### Problem to solve:
From the line with "This bingo card" to the line with "答:直线距离地铁3号线梅花园", retype each line exactly as it stands in the records below, but skip the pictures.

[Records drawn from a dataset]
-- Opening Marker --
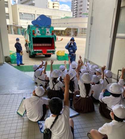 本日は4年生の子どもたちが大阪市環境事業局の皆様から環境について詳しく教えていただきました。2時間目、パッカー車についてのお話を聞いた後、乗車体験をしたりパッカー車クイズに挑戦したりしました。3時間目には、地球温暖化やごみの分別、3Rについて教えていただきました。みんなしっかりと学ぶことができました。
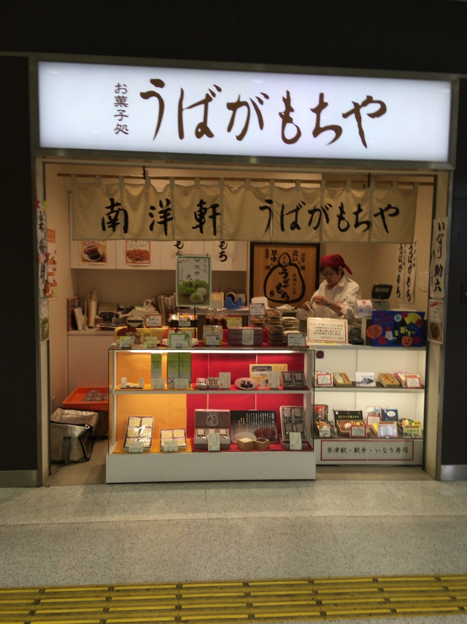 滋賀県草津市にあるJR草津駅にあるうばがもちや。改札の真ん前にあるので、手土産を買いたい時や、ちょっと小腹が空いた時などに買えるので使い勝手がいいお店です。
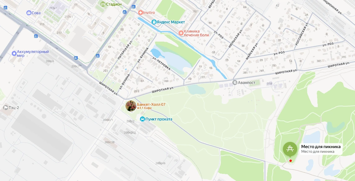 Откуда бы вы ни ехали, ближайший способ подъехать — через улицу Широтную. Двигайтесь по ней в сторону ТЭЦ-2. Проедете мимо территории станции (она останется по правую руку) и следуйте прямо до лесного массива. Примерно через 1,5 километра вы увидите оборудованную зону отдыха.
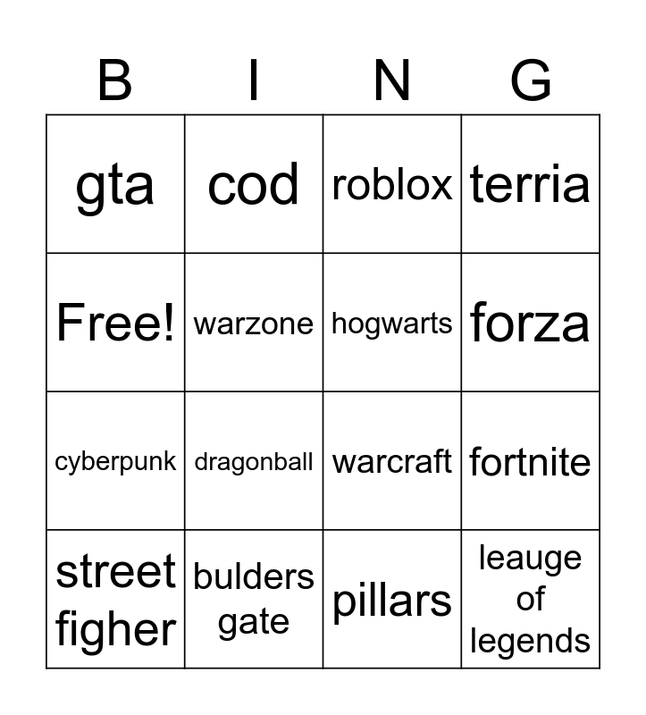 This bingo card has 16 words: bulders gate, fortnite, roblox, gta, cyberpunk, cod, warcraft, pillars, Free!, warzone, street figher, terria, dragonball, forza, hogwarts and leauge of legends.
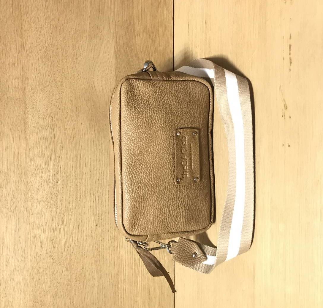 Bolso bandolera de piel vacuno color arena. Cuenta con cierre de cremallera, bolsillo interior y tira bandolera bicolor con 2 mosquetones.
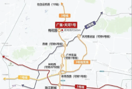答:直线距离地铁3号线梅花园站B出口约400米,步行出行便捷,地铁2站抵达广州东站,5站直达珠江新城,通勤效率优越。
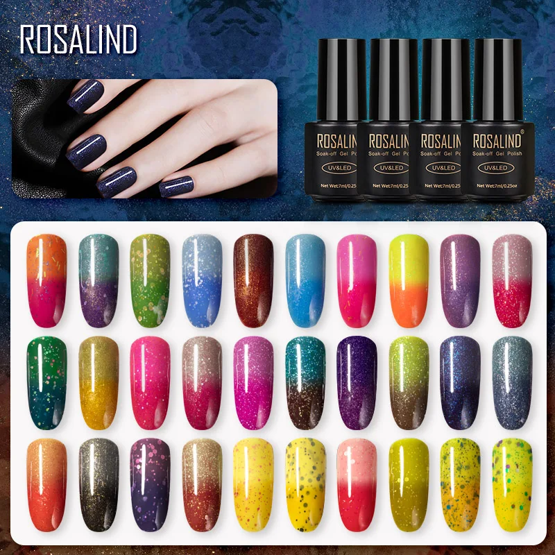 Блестящий гель ROSALIND 7 мл, блестящий меняющий цвет лак, блестящий блеск, отмачиваемый, меняющий температуру, УФ гель, базовое и верхнее покрытие
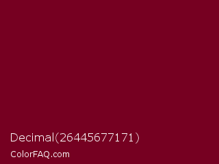 Decimal 26445677171 Color is a dark rose color and the nearest color is Burgundy #800020. Hex code #760021 and RGB value is rgb(118,0,33). In RGB color space, this color is composed of 46% red, 0% green, 13% blue, In CMYK color space, this color is composed of 0% cyan, 100% magenta, 72% yellow , 54% black , In HSL color space, this color has a hue angle of 343° , 100% saturation and 23% lightness.
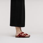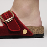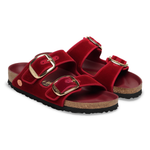 The BIRKENSTOCK Arizona is a genuine classic that has been delighting both men and women for decades. This simple sandal with two straps stands for timeless design and has long held cult status thanks to its comfort factor. This version brings two popular designs together. It is made of fine velvet and boasts a big, elegant pin buckle. The exquisite footbed is fully lined with soft piumato leather, making it exceptionally comfortable.
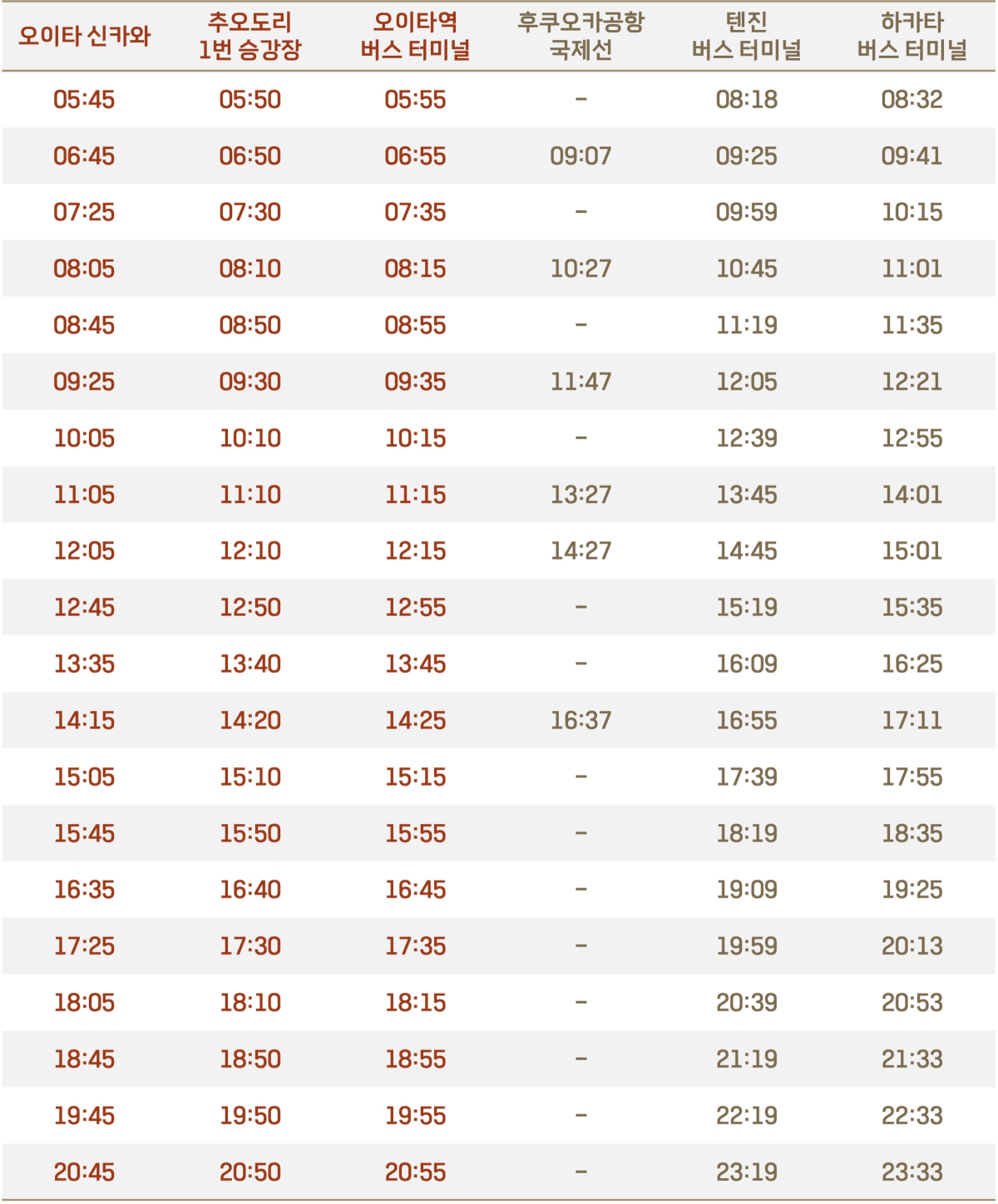후쿠오카~오이타 버스의 자세한 안내는 아래 PDF 또는 링크를 참고하세요!
-- Closing Marker --
### Exercise response:
 This bingo card has 16 words: bulders gate, fortnite, roblox, gta, cyberpunk, cod, warcraft, pillars, Free!, warzone, street figher, terria, dragonball, forza, hogwarts and leauge of legends.
 Bolso bandolera de piel vacuno color arena. Cuenta con cierre de cremallera, bolsillo interior y tira bandolera bicolor con 2 mosquetones.
答:直线距离地铁3号线梅花园站B出口约400米,步行出行便捷,地铁2站抵达广州东站,5站直达珠江新城,通勤效率优越。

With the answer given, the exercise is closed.